Since avocado trees are native to subtropical climates, they are used to receiving large amounts of rainfall. Growing avocado trees in an environment that is more Mediterranean requires proper caring for the tree and good watering habits. When provided with large amounts of water, accurate soil moisture, and well-drained soil, avocados can thrive in zones from 8 to 11.
Still, knowing the exact amount of water and the frequency of watering you need to provide your avocado trees with is crucial. These habits mostly depend on where you choose to grow your avocado tree, whether in the outside garden or a pot. To maintain a healthy growing plant, read on below and find out the proper watering habits for avocado trees.
Watering Planted Avocados
Once you plant avocado in the ground, it will need to receive water multiple times during the week. While the roots are still taking hold and developing in the ground, it is crucial to monitor the soil’s moisture carefully, to know whether to add or reduce the amount of water. This period of the avocado’s growth will be crucial and will determine the future development and health of the tree. A good rule of thumb when checking the soil’s moisture is to grab a handful of soil from around the plant’s roots and squeeze it—if the soil stays in the shape of your hand, it is damp enough, but if it crumbles, your plant needs more water.
Once this first stage passes, an established avocado tree will need much less attention and watering. After a year passes, you can begin watering your avocado tree only once a week, as long as you thoroughly soak the soil under the tree’s canopy. The mature avocado tree requires 2 inches of irrigation or rainfall per week.
Watering Potted Avocados
Growing an avocado tree from just one pit and planting it in a pot can be an incredibly exciting and rewarding process. Before the plant develops roots, it is advised to keep it in a warm and shaded place. Once you notice the first sprouting of the plant—which will happen after about 8 weeks—you can plant the avocado in a pot. It is best to closely watch and monitor the soil’s draining qualities and provide it with water proportionally.
If you place the potted avocado in an area with more direct sunlight and better air circulation, such as a patio or a porch, you will need to water it more frequently. Watering every few days would be an ideal way to keep the soil at an optimal level of moisture, although on some days, the avocado tree may require drier soil.

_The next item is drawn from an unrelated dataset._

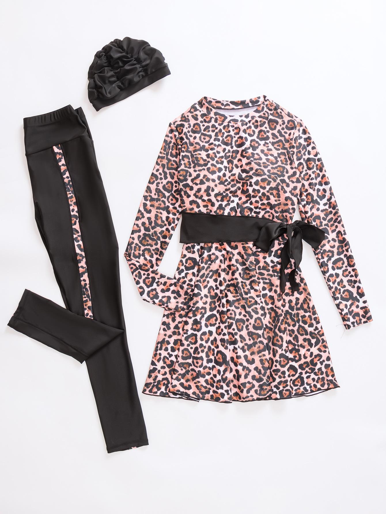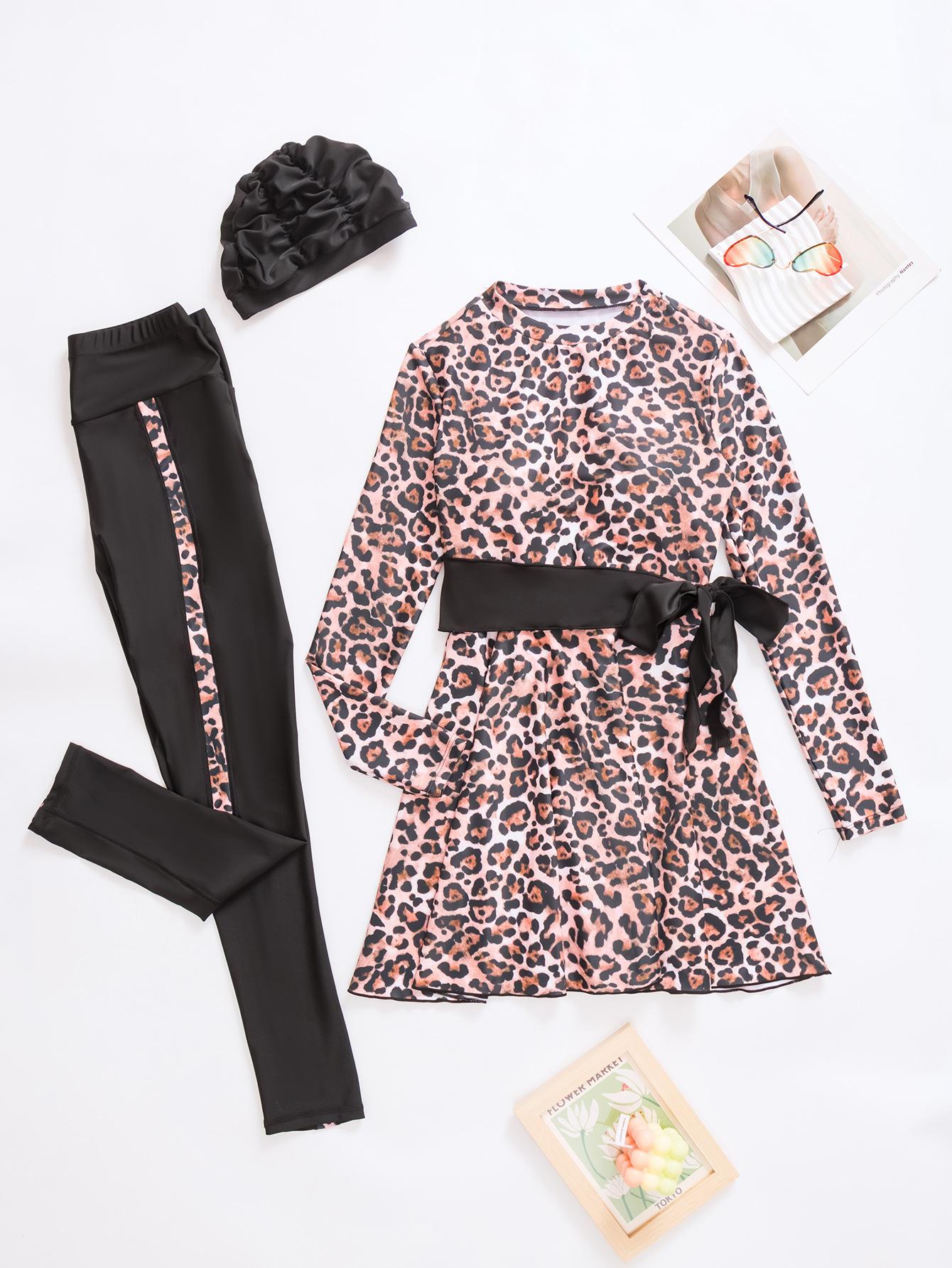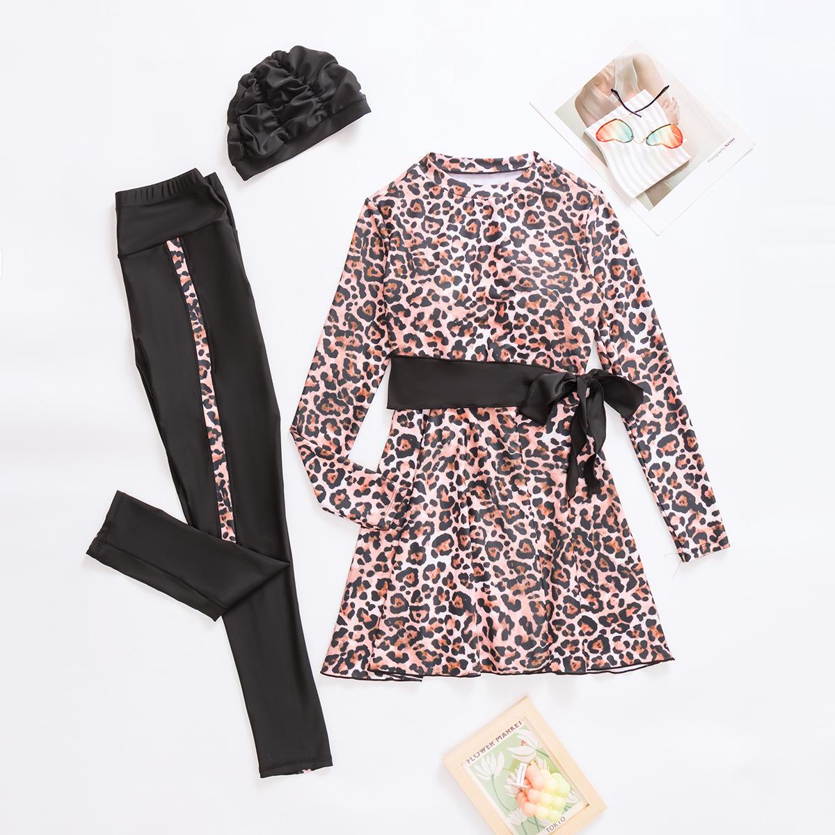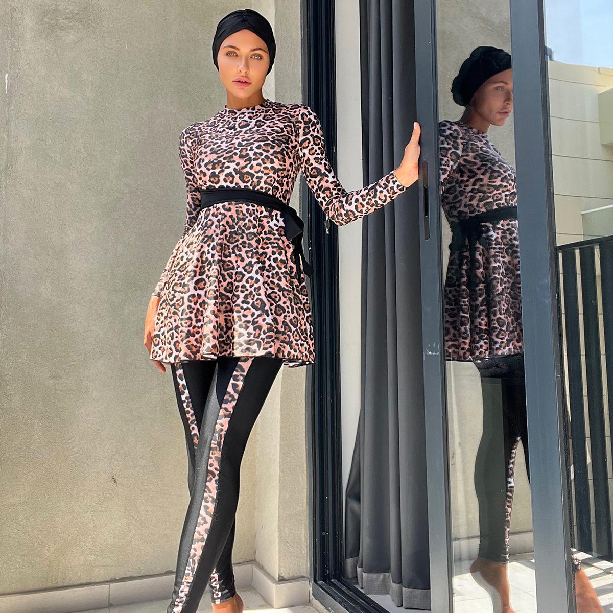 Nuevo Conservador Musulmán Estampado Leopardo Medio Oriente Manga Larga Pantalón Largo Protección Solar Ropa de Playa Traje de Baño de Tres Piezas Transfronterizo Europeo y Americano
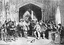 In 1628, he was elected for Dorchester, where his father-in-law had significant influence.[5] He played a prominent role in organising support for the Petition of Right and on 2 March 1629 was one of those who famously forced the Speaker to continue sitting, thus preventing Charles dissolving Parliament.[8] A week later Charles dissolved Parliament, ushering in eleven years of Personal Rule, in which he attempted to regain all the ground lost.[9] Holles, Sir John Eliot and seven others were prosecuted by the Star Chamber and fined; released on bail in October, Holles spent most of the next decade in obscurity.[5]

Additional Avocado Growing Tips
- Avocado trees cannot grow healthy in swampy soil, so proper drainage of the soil is a must.
- Sandy and highly decomposed soil with organic matter is ideal.
- The most significant portion of the avocado roots is established in the top 6 inches of the soil, so it is best to water the young plant twice a week.
- Make sure to watch out for signs of overwatering and root rot which are yellow, brown, or necrotic foliage tips with wilting or drooping leaves.
Avocados are lovely additions to your garden and landscape. Besides providing you with healthy and delicious fruit throughout the year, these trees will be an attractive asset. Properly watering avocados during their growing stage is crucial to avocado care. While the tree is still young, you should provide it with a lot of water, two to three times a week. The amount of water will depend on the soil’s drainage, so monitor the soil closely during the first few weeks. After the plant is mature and established, it will require about 2 inches of water every week.